PROBLEM TO WORK ON: The answer is to be the lines below that lie between the line holding "3 lip shimmers" and the line holding "横幅の大きなカーテンには生地", inclusive, transcribed exactly and free of pictures.

SOURCE DATA:

※

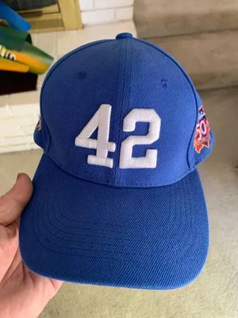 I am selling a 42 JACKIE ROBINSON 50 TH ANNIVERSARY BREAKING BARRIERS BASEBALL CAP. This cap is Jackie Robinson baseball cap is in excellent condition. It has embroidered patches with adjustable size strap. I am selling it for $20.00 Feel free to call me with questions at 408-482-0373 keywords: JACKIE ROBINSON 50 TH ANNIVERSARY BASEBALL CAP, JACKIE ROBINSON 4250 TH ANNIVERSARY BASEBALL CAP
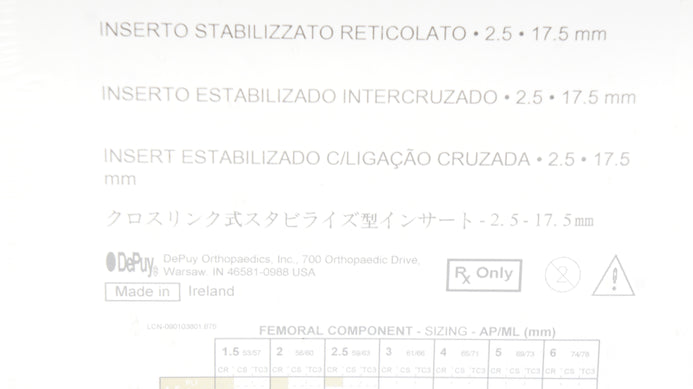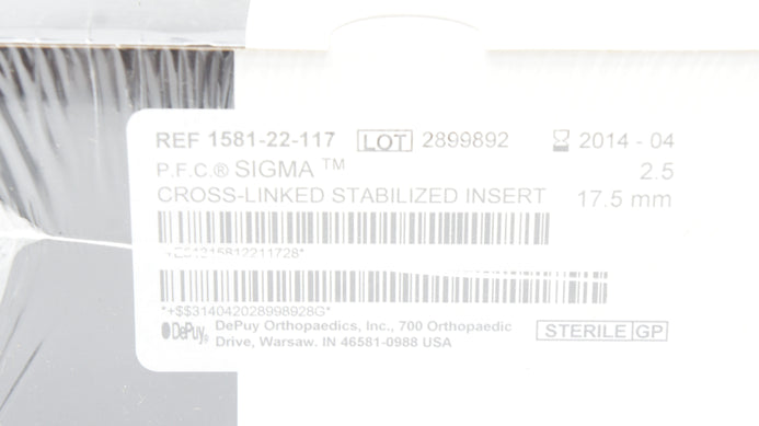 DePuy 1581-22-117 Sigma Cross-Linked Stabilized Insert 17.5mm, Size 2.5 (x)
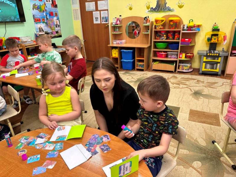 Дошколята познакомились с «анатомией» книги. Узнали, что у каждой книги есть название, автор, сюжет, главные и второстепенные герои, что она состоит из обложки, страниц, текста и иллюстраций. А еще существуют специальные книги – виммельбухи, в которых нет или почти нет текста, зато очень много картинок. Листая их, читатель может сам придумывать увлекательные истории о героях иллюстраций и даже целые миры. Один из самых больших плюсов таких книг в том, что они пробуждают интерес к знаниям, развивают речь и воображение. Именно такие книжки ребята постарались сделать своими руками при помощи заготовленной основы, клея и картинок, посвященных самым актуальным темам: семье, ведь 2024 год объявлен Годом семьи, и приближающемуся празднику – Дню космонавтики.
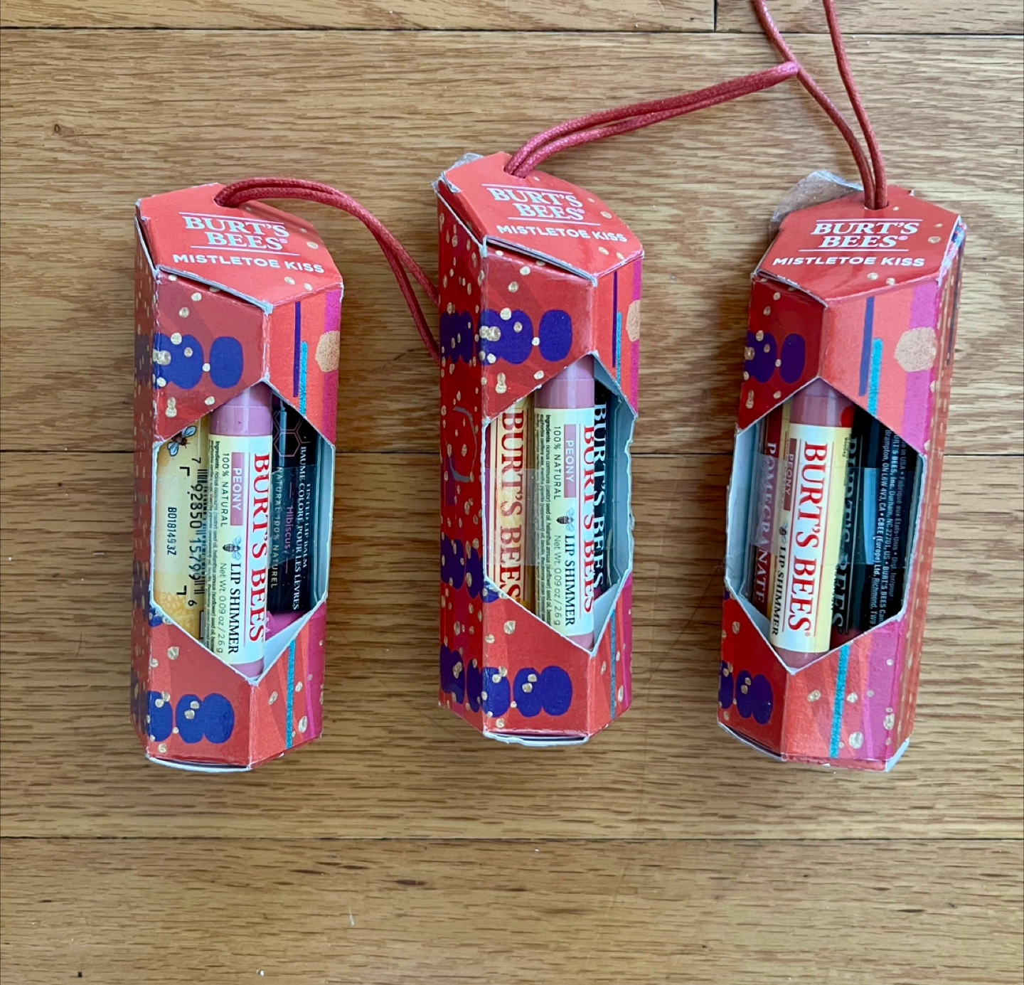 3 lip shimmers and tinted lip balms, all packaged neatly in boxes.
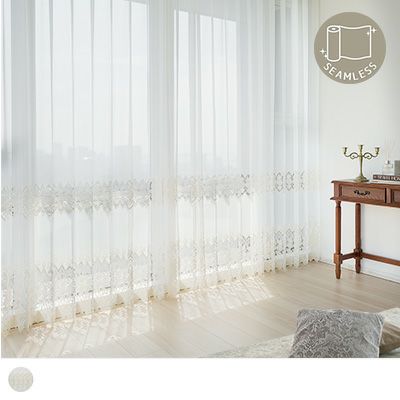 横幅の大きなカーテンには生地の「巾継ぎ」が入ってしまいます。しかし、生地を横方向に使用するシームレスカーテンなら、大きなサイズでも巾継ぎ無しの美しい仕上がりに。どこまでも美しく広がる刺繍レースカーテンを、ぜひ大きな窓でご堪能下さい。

※

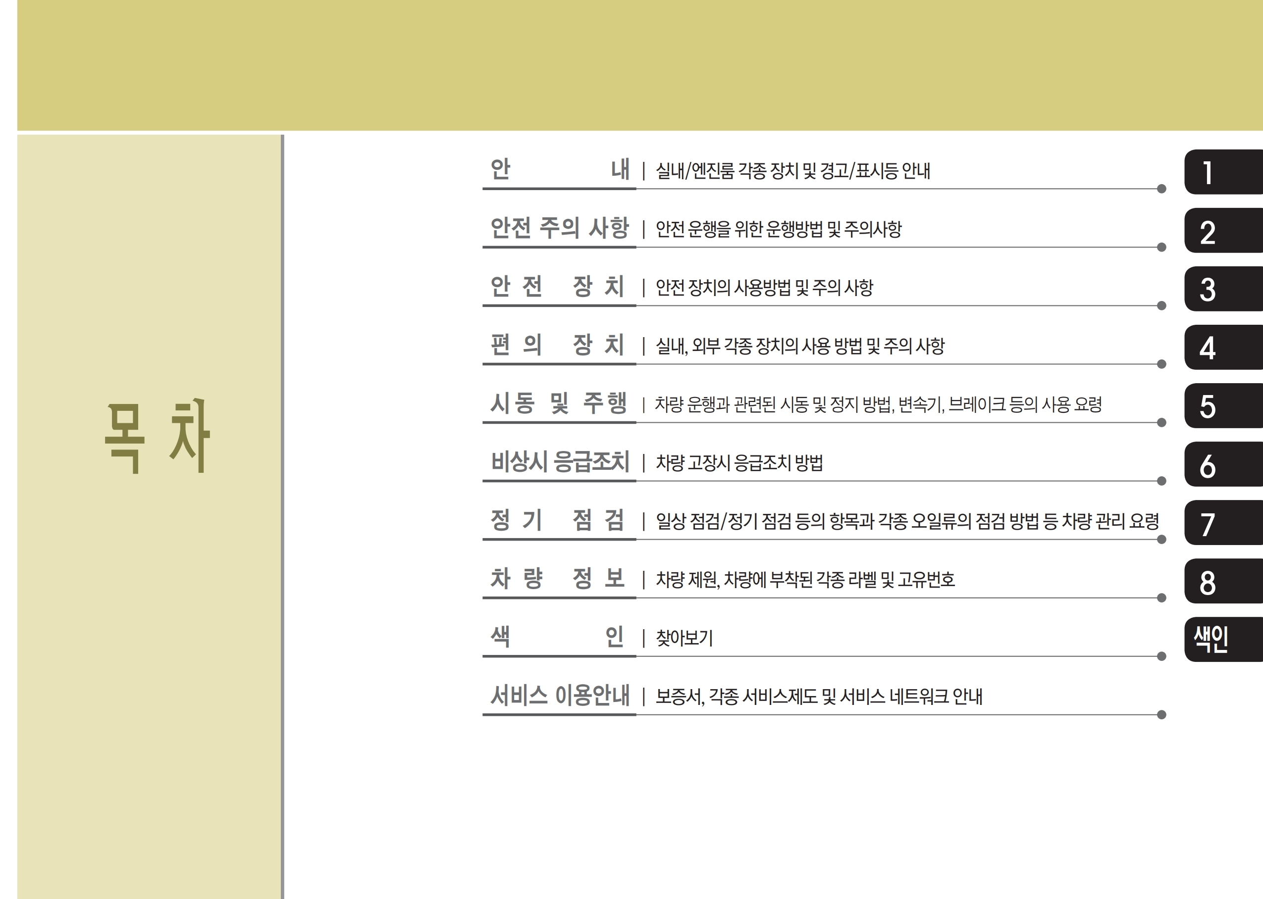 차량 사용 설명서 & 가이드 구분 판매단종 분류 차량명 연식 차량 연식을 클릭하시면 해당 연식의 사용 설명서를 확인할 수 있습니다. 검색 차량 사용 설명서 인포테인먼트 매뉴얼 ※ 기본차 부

※

FINISHED TASK:
 3 lip shimmers and tinted lip balms, all packaged neatly in boxes.
 横幅の大きなカーテンには生地の「巾継ぎ」が入ってしまいます。しかし、生地を横方向に使用するシームレスカーテンなら、大きなサイズでも巾継ぎ無しの美しい仕上がりに。どこまでも美しく広がる刺繍レースカーテンを、ぜひ大きな窓でご堪能下さい。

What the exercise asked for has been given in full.